* [Work instructions]
A single stretch of the material below is to be transcribed exactly, starting at the line with "Browse to the" and ending after the line with "Idéalement situé au".

* [Material for this exercise]
⁂
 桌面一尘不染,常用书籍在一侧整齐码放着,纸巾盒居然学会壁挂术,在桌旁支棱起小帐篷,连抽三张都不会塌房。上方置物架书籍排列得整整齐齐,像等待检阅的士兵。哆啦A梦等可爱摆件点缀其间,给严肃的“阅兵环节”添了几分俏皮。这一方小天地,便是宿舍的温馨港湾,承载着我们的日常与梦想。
⁂
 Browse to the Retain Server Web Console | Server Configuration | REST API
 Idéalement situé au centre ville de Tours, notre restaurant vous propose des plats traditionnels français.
⁂
* [Solution to this task]
 Browse to the Retain Server Web Console | Server Configuration | REST API
 Idéalement situé au centre ville de Tours, notre restaurant vous propose des plats traditionnels français.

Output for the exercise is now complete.